Marshalling is not just to solve network transmission problems but other problems such as going from one architecture to another, maybe different languages especially those that might use things like virtual machines, and other "translation" problems.
Marshalling is the process of transferring data across application boundaries or between different data formats. Marshalling is very common, for example writing data to disk or to a database is technically marshalling, however the term tends to be used to describe data conversion for "foreign" APIs or for interprocess communication.
For example, in .NET, communicating between managed and unmanaged code (such as accessing certain win32 APIs) will likely require marshalling in order to convert back and forth between managed C# objects and C/C++ style objects (structs, handles, output buffers, etc.) The help for the static Marshal class might be helpful.
Basically it's an expression for generically transforming an object (or similar) into another representation that (e.g.) can be sent over the wire or stored to disk (typically string or binary stream. The opposite, unmarshalling, describes the opposite direction of reading the marshalled representation and re-creating an object or whatever in-memory-structure existed earlier.

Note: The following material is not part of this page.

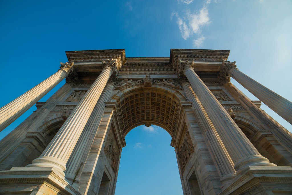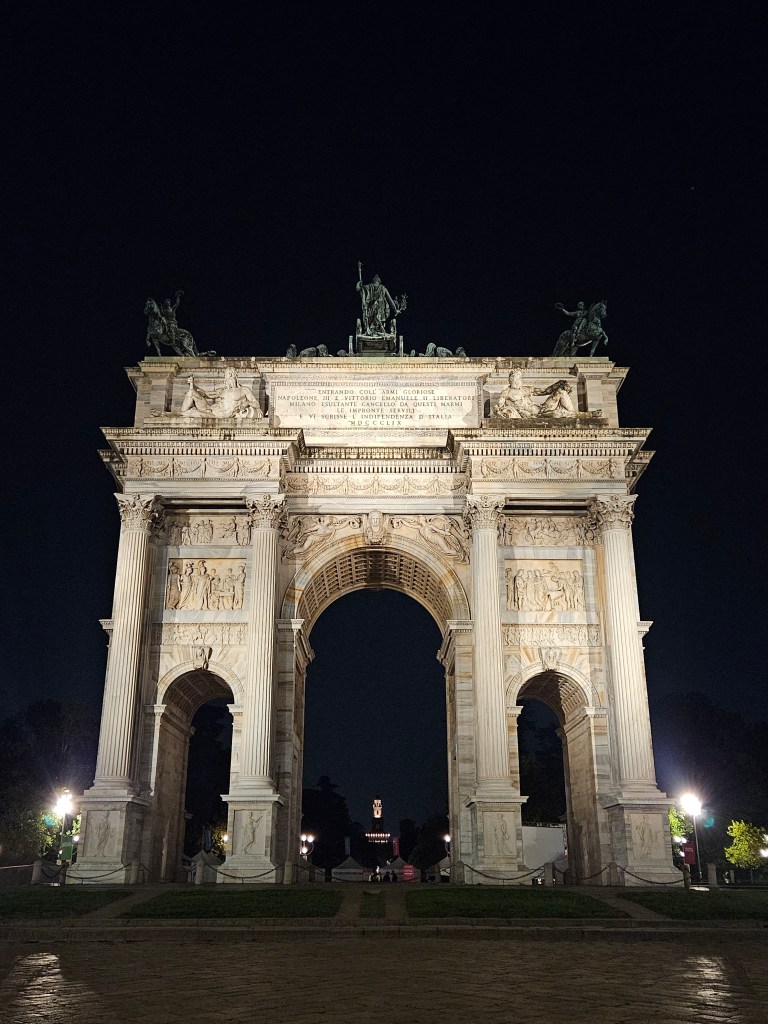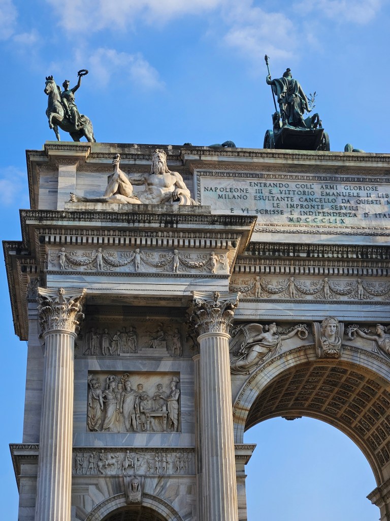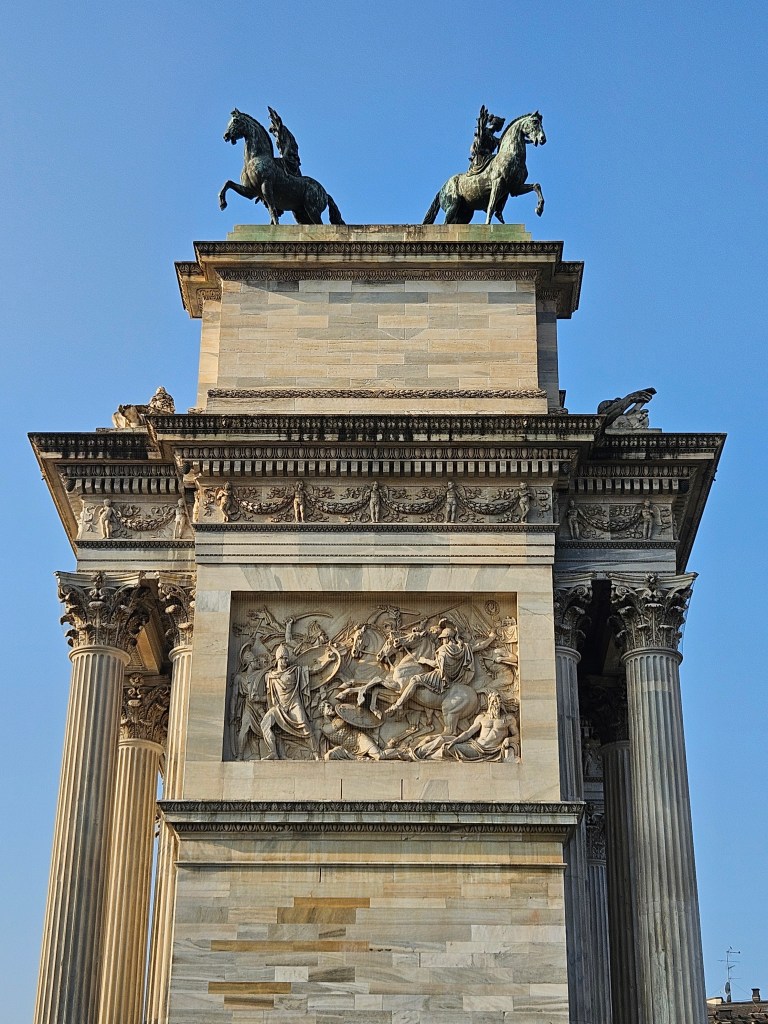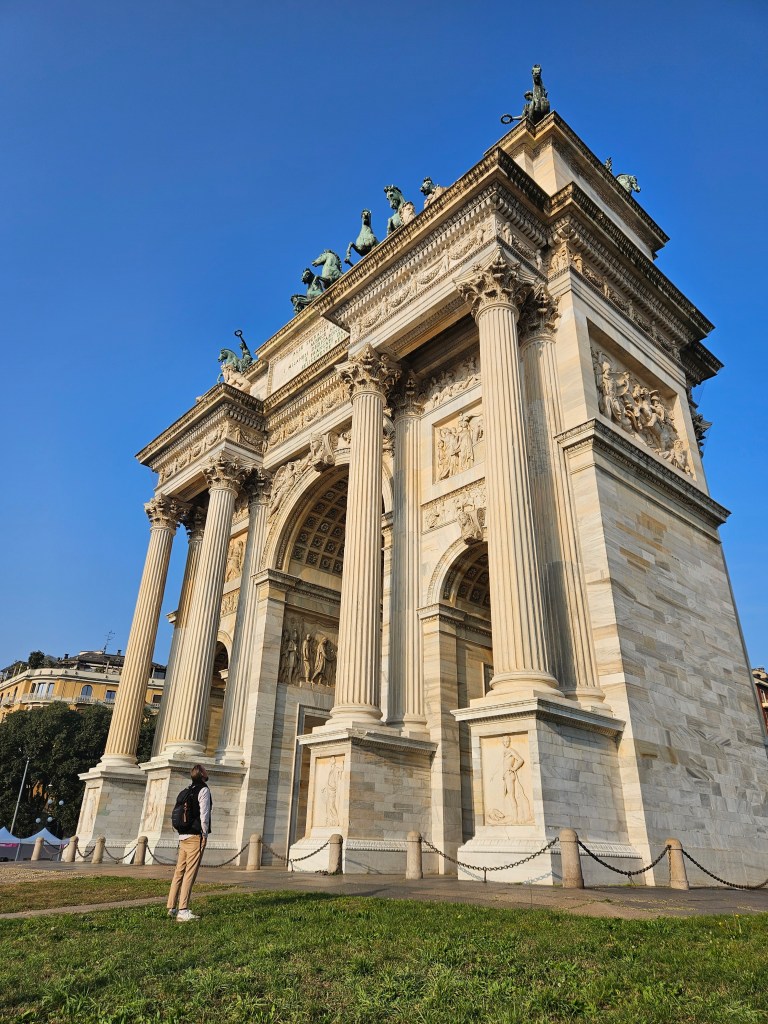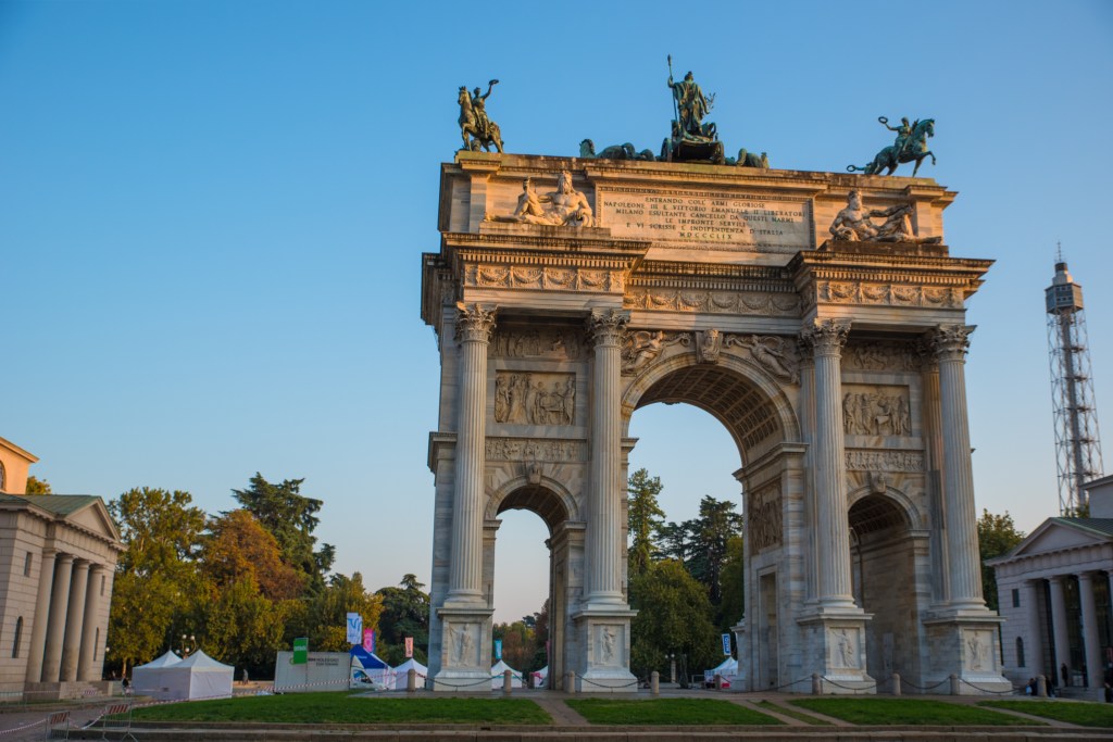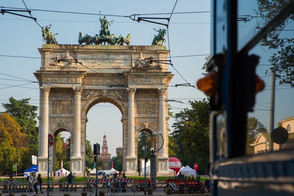 Kilka kroków dalej, za parkiem, stoi Arco della Pace – Łuk Pokoju. Zbudowany z marmuru z tej samej kopalni, co Duomo, wieńczy dawną drogę prowadzącą z Mediolanu do Paryża. To dobre miejsce, by poeksperymentować z kadrami i perspektywą – monumentalna forma i otwarta przestrzeń pozwalają na ciekawe ujęcia z użyciem ludzi w kadrze dla skali.

Another current everyday example is JSON
Marshalling is the conversion of call parameters that needs to occur when calling across an ABI boundary. The boundary may be between a COM client and a COM server, where the types of the ABI of the COM client need to be marshalled by the COM library to the ABI of the COM binary (in COM, marshalling can also refer to the conversion of parameters required when crossing an apartment boundary within the same process to the format of a message to be sent to the owning thread's message queue to be then handled and unmarshalled by the COM window procedure, and in the event of crossing a process boundary, the additional step of marshalling to an RPC/LPC by a COM proxy, i.e. an LPC message to an LPC port). The boundary may be between the execution of high-level code in a virtual environment and the native code that the environment is implemented in / set up the environment, where a conversion takes place between the ABI of the high-level code, implemented in an ABI of the native language, and a typical ABI of the native language concerning those types.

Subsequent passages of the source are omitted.